Running the same command on an-coord1002 shows a value that is about 38K higher than the actual number of rows.

btullis@an-coord1002:~$ sudo mysql -e "SELECT SUM(TABLE_ROWS) FROM INFORMATION_SCHEMA.TABLES WHERE TABLE_SCHEMA = 'superset_production' AND TABLE_NAME = 'logs'"
+-----------------+
| SUM(TABLE_ROWS) |
+-----------------+
|         1499850 |
+-----------------+

So it would appear that these estimates are way off the mark.

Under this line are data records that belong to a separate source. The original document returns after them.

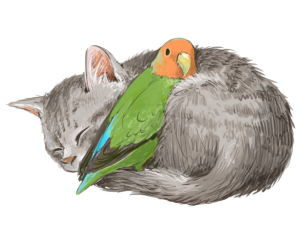 にゃんこと文鳥ちゃんを描きました ねこ 文鳥 イラスト 絵 猫
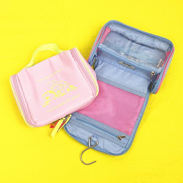 パステルカラーの本体に蛍光カラーでイラストがカワイイ♪フックでかけられるタイプなので、アメニティなどを入れて家の洗面所ではもちろん、旅行先やジムでも大活躍です!
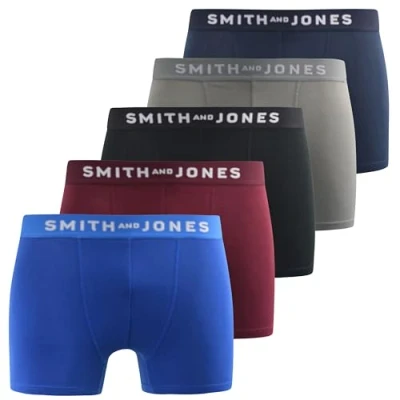 COMFORTABLE AND STYLISH – SMITH and JONES men’s boxer shorts are made from premium cotton blend, offering the ultimate comfort and breathability for all-day wear. With our multipack of boxer short trunks for men, you can choose from variety of stylish designs and colours to suit your needs and match your style. DURABLE AND EASY TO CARE FOR – Made from high-quality materials, our boxer briefs are built to last and withstand regular wear and washing, making them a smart and reliable choice for everyday underwear. SMITH & JONES underpants are easy to care for, so you can simply machine wash and wear them again and again. PERFECT FIT – Crafted to feel like a second skin, our boxer trunks offer both comfort and support, ensuring a chafing -free and discomfort-free experience. No annoying riding up or digging in – they fit perfectly. Made with premium jersey cotton fabric and a touch of elastane for the right amount of stretch, these boxershorts grant you the freedom of movement required for any activity. ULTIMATE VALUE FOR MONEY – Our boxers for men in multipack provide excellent value for money, allowing you to stock up on your favourite styles. Get high-quality cotton mens boxers without breaking the bank. Available in countless colour options; in sizes S to XXL. The choice is yours! VERSATILE FOR ANY OCCASION - Whether you are lounging at home, working out, running errands, hanging out with friends, or sleeping, SMITH and JONES mens boxers will keep you comfortable and give you freedom of movement, without compromising the style and quality! Don’t hesitate and ADD TO CART before they sell out!
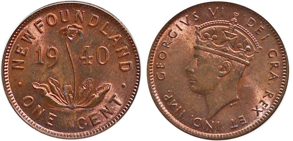 Nfld; 1940 1¢ PCGS Very Choice Mint State-64 RB - 75% RED lustre. Lustrous and attractive issue. Very scarce date to find.
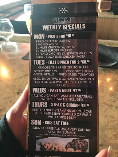 Challenging 1st Visit: Part 2 SERVICE: Our server, Nico, was very good in terms of friendliness, perhaps to a fault, as being so friendly and conversational lessened his ability to be attentive. He didnt deliver our steaks when they first came out, another server did. Perhaps if he had, they would have been correct the first time. Who can say. One observation about the service that again goes to expectations: many of the servers looked slovenly. The white shirt/dark tie uniform doesnt work if someone is wearing an oversized, wrinkled shirt thats barely tucked in. My expectation for a steak house is that the serving staff look professional. This is something staff needs to work on, along with team work. Overall, service could have been a bit tighter (dont make me ask for ice water twice) but cant say Im displeased as I felt like our server was genuinely invested in our happiness with our visit. Management went to great lengths to make us happy when the steak fiasco occurred. Pleased by the professionalism and manner in how the problem was rectified. JE NE SAIS QUOI: That indefinable something about Stone Summit has to do with where value, expense, teamwork and ambience intersect. There is a notable lack of teamwork among the servers. In a great restaurant a server is attentive to his tables but has assistance from others for water and bread delivery. This didnt occur. We had to flag down another server for bread. Watched three different people do spot inspections of wine glasses at the same empty tables and not one of them glanced our way to see if we needed anything. Without a more cooperative team spirit among staff, the issues of value and expense tilt toward the negative. I for one have no issue with the cost of menu items at Stone Summit. This isnt because Im rich, but because upscale restaurants, movie theaters, grocery stores, are all things that will eventually add to my property value living in Wentzville. Those suggesting that this restaurant should be located in Ladue or Clayton, probably havent been paying attention to all the new housing construction taking place, and what these new homes cost. My point is, Wentzville is getting bigger and richer and Stone Summit is a nice addition to the Wentzville business roster. Which takes me back to Stone Summits website, which reads "Stone Summit also features offerings aimed at the budget conscious diner—namely the “Summit Selections”, a reasonably priced protein offering with a starch and seasonal vegetable for one price." A great restaurant doesnt apologize for the cost of its menu items and certainly doesnt describe its food in such clinical terms (protein, starch, seasonal vegetable) in the context of a budget-conscious diner. Might as well call it Tightwads & Poor People Menu. Id work on a website rewrite as soon as possible. How much value does my meal have if Im not ordering from the Summit Selections? Even though the qualities of teamwork, value and expense need tweaking, the ambience of Stone Summit is exceptional. Im including photos with this review. The decor, color scheme, layout and seating options evoke a feeling of being some place special and unique. Frankly, I find this restaurant to be beautifully designed. I so wanted to write a review of glowing praise and I have hope that someday Ill be able to update this review with news of improvement. I will visit again after the official Grand Opening. I have a lot of hope for this restaurant based on my interaction with management. A few more tweaks with training and expectation setting, and I believe folks in Clayton and Ladue will be envious of Wentzvilles newest steak house.
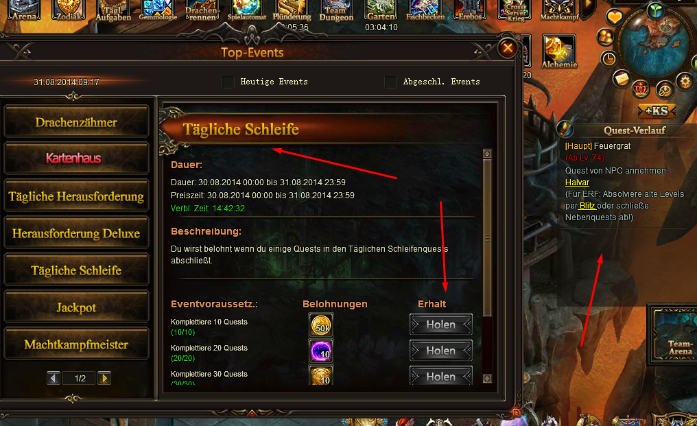Hallo ich habe das prob das ich f?r meine Schleifenquest die Belohnung bei Top events nich holen kann

I could run an ANALYZE TABLE against these tables, which is a low low risk operation.
It will lock the table briefly and it can either be run locally or it can allow the analyze command to propagate via the binlog.
https://mariadb.com/kb/en/analyze-table/

All in all though, I'm not too concerned about this, now that the pt-table-sync command has reported no drift, apart from minor discrepanies within the mysql database.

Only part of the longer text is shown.